The pay gap is something that's a part of almost every industry, but it's almost never as obvious and pronounced as it is in Hollywood.

Just last year, Mark Wahlberg and Michelle Williams were in the headlines over issues with their payment for reshoots for All The Money In The World, with Wahlberg picking up a substantially larger cheque to Williams for the same amount of work and time. It's been going on for years, but there's been more than a few actors who've gone out of their way to do what they can to level the playing field - and one of them is the late, great Paul Newman.

In an interview with BBC 5 Radio, Susan Sarandon revealed that on the 1998 neo-noir film, Twilight (no, not that one), her two co-stars Gene Hackman and Paul Newman were being paid the same amount - with both being paid more than her. When Sarandon brought this up with them at a meeting, Newman offered to give up part of his salary to ensure they were on equal pay.
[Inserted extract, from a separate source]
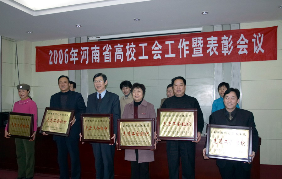 在2006年河南省高校工会工作暨表彰会议上,我校工会被中国教科文卫体工会全国委员会授予“全国教科文卫体系统先进工会组织”的荣誉称号,成为河南省获此荣誉的六所高校之一。河南省总工会副主席王春萍、中国教科文卫体工会委员会常委、河南省教科文卫体工会主席李新江等领导同志为我校工会颁发了奖牌。 此外,我校工会还荣获2005年河南省教育工会表彰的“女工工作先进单位”;省教科文卫体工会、省教育工会表彰的“为职工办实事”优秀组织单位及“职业道德教育年”优秀组织单位的殊荣。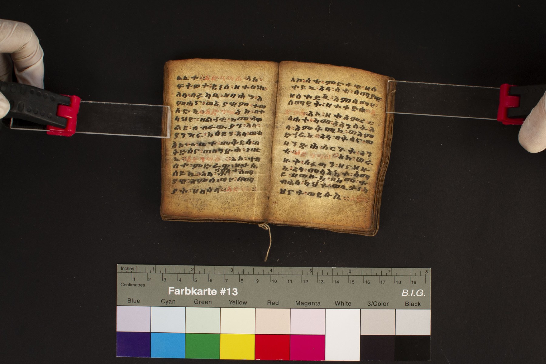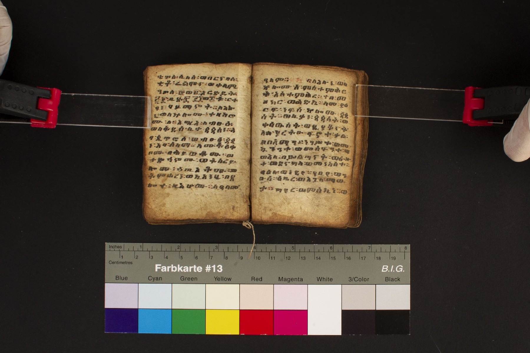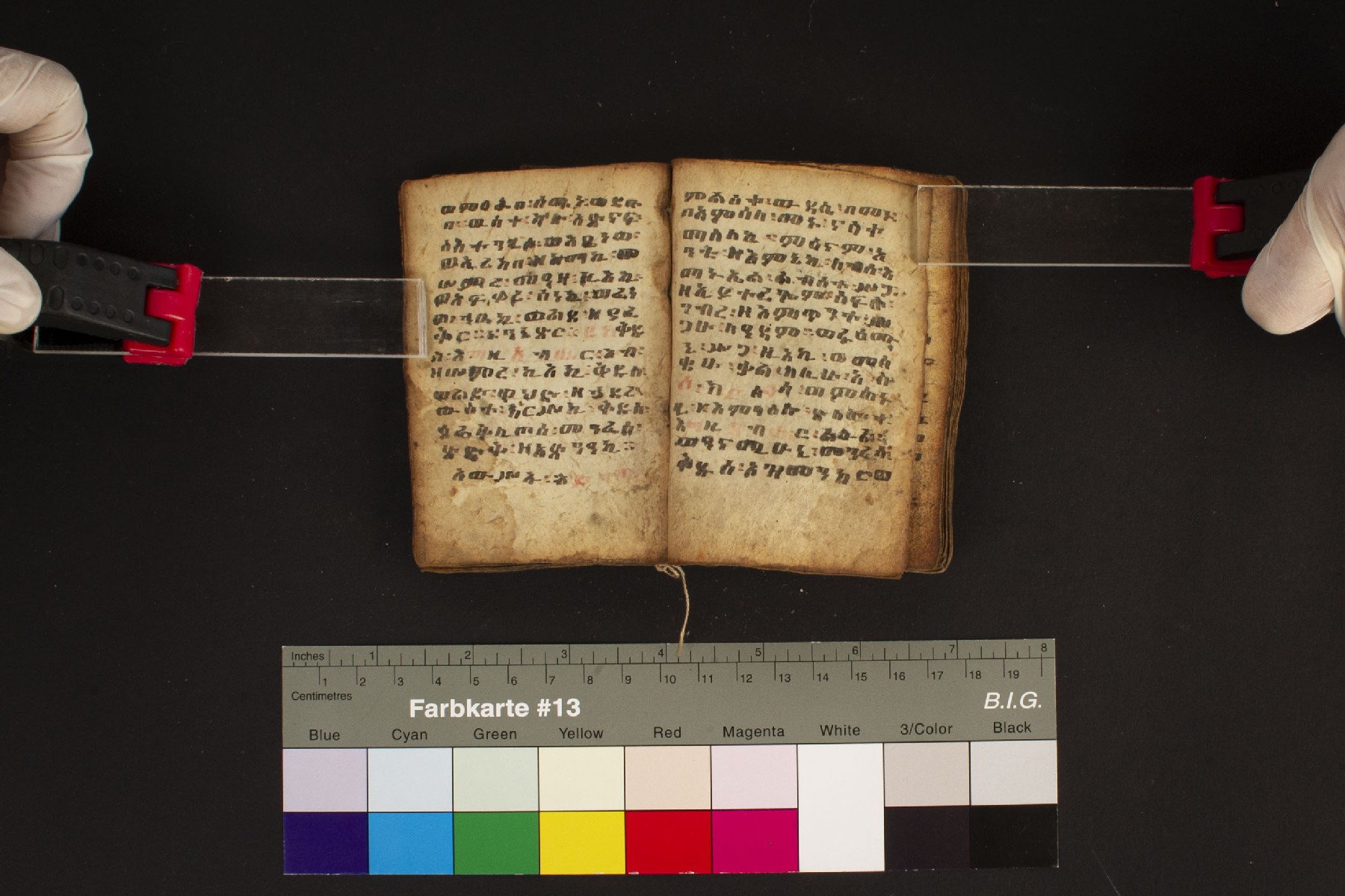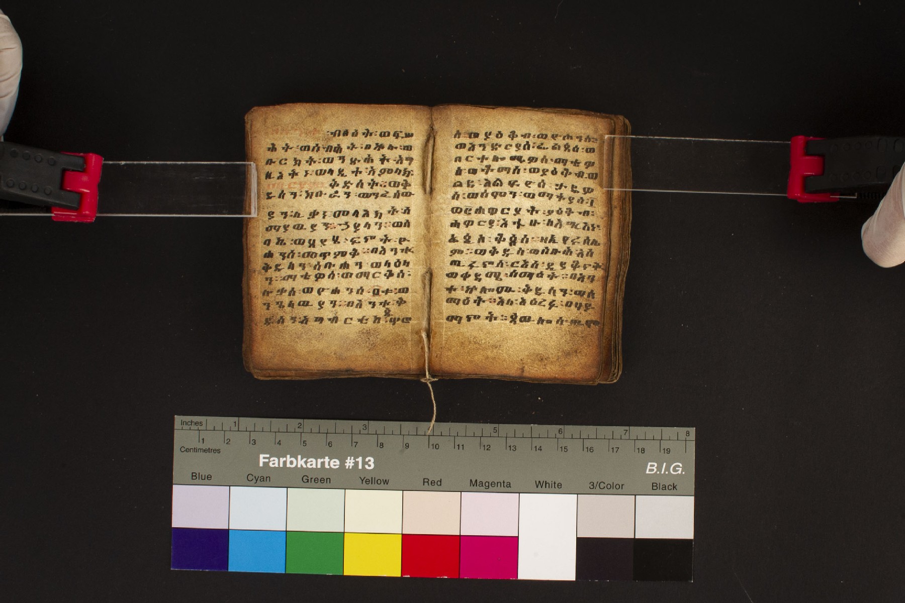 Ff. 1v–2r: asmat-prayer written in black ink an untrained hand. Incipit: [.]ጠል፡ አቂቱ፡ ናባል፡ አወል፡ ዙቤላሄል፡ ወደክል፡ በናጫ፡ ንረምድ፡ ክፍጅን፡ ቹን፡. On f. 2r the text reads, in the same hand: በስመ፡ አብ፡ … ጸሎት፡ በዕንተ፡ ግርማ፡ ሞገስ፡ ዘወሀበ<፡> ለሙሴ፡ “In the name of the Father … Prayer on the glory of the benevolence, which was granted to Moses”. |

"They said it was 'favoured nations', but they only meant the two guys," explained Sarandon. "He stepped forward and said, 'Well I'll give you part of mine'. So, yeah, he was a gem." The term favoured nations refers to an agreement in actor's contract where if they had equal billing on a poster, the producers will pay them equally - in this case, however, it only applied to two-thirds of the equally billed actors.